Applications of piezotronics and piezo-phototronics

Abstract

Third-generation semiconductor materials have superior performance with high voltage resistance, high frequency, high efficiency, high-temperature resistance and high radiation resistance, that they look to be the “core” of a new generation of information technology, energy saving, and smart manufacturing. They can have broad application prospects in many fields, and have attracted the attention of governments, industries and research communities all over the world and achieved rapid development. The typical materials such as GaN and ZnO simultaneously exhibit piezoelectric, semiconducting and photoexcitation properties. The piezoelectric polarization charges can be utilized to control/tune the charge carrier transport characteristics in these materials (piezotronic effect), and also used to tune the generation, transport, separation and/or recombination of charge carriers (piezo-phototronic effect). The coupling of these properties in these materials has resulted in both novel fundamental phenomenon and unprecedented device application, leading to the increasing research interests in the emerging field of piezotronics and piezo-phototronics. Functional electronic and optoelectronic devices are presented to illustrate the practical applications of the piezotronic and piezo-phototronic effects.
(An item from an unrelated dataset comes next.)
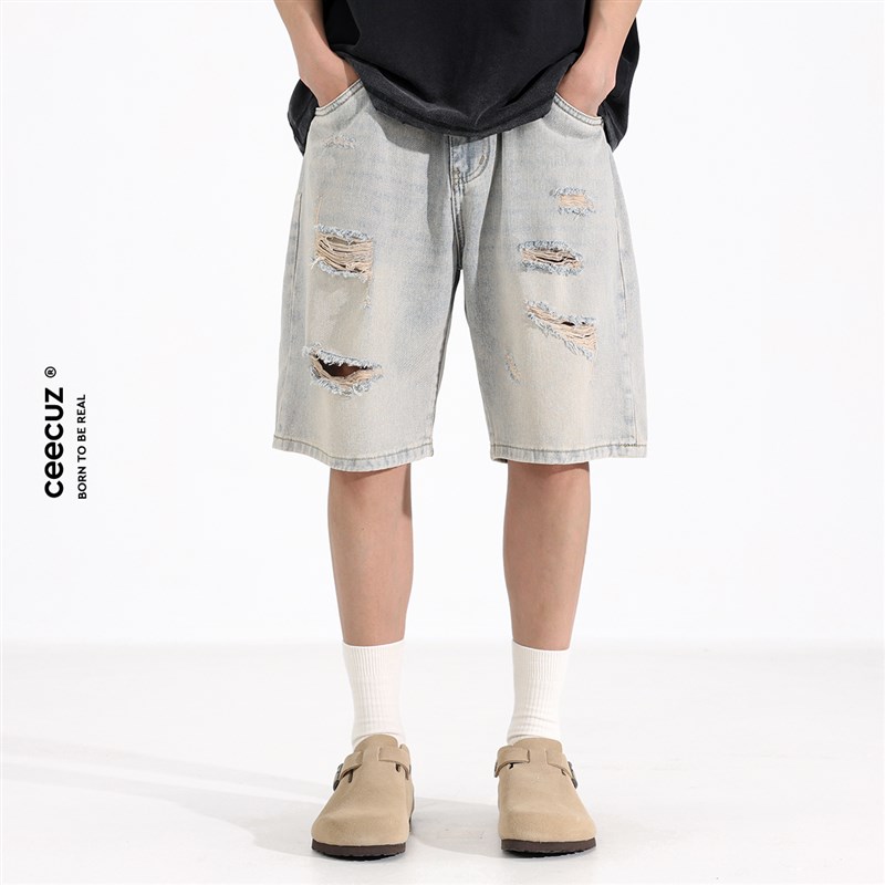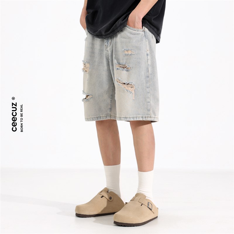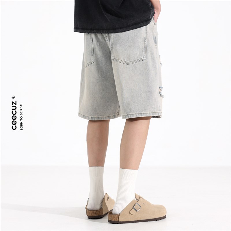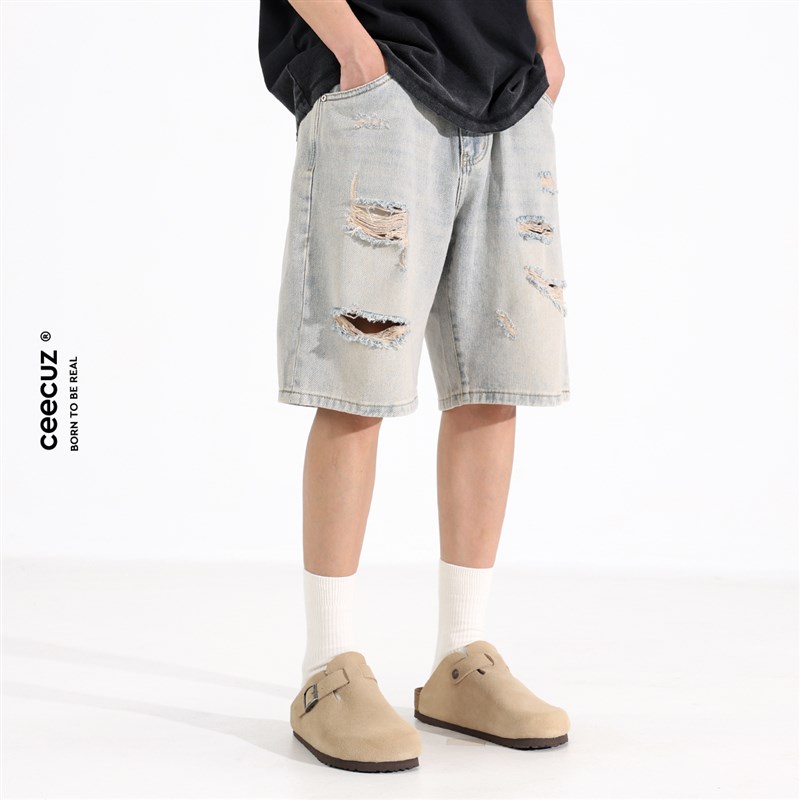 Ceecuz破洞牛仔短裤男款夏薄款美式水洗做旧直筒休宽松阔腿五分裤

Fundamental physics about the piezotronics and piezo-phototronics are further studied in this work. This will help to develop a full understanding of piezotronics and piezo-phototronics, and it also enables the development of the better performance of optoelectronics. By applying the two effects in a wide range of electronics/optoelectronics, we have shown they are effective approaches to modify the physical properties in piezoelectric semiconductors and a useful tool to study the physical model in a complex system.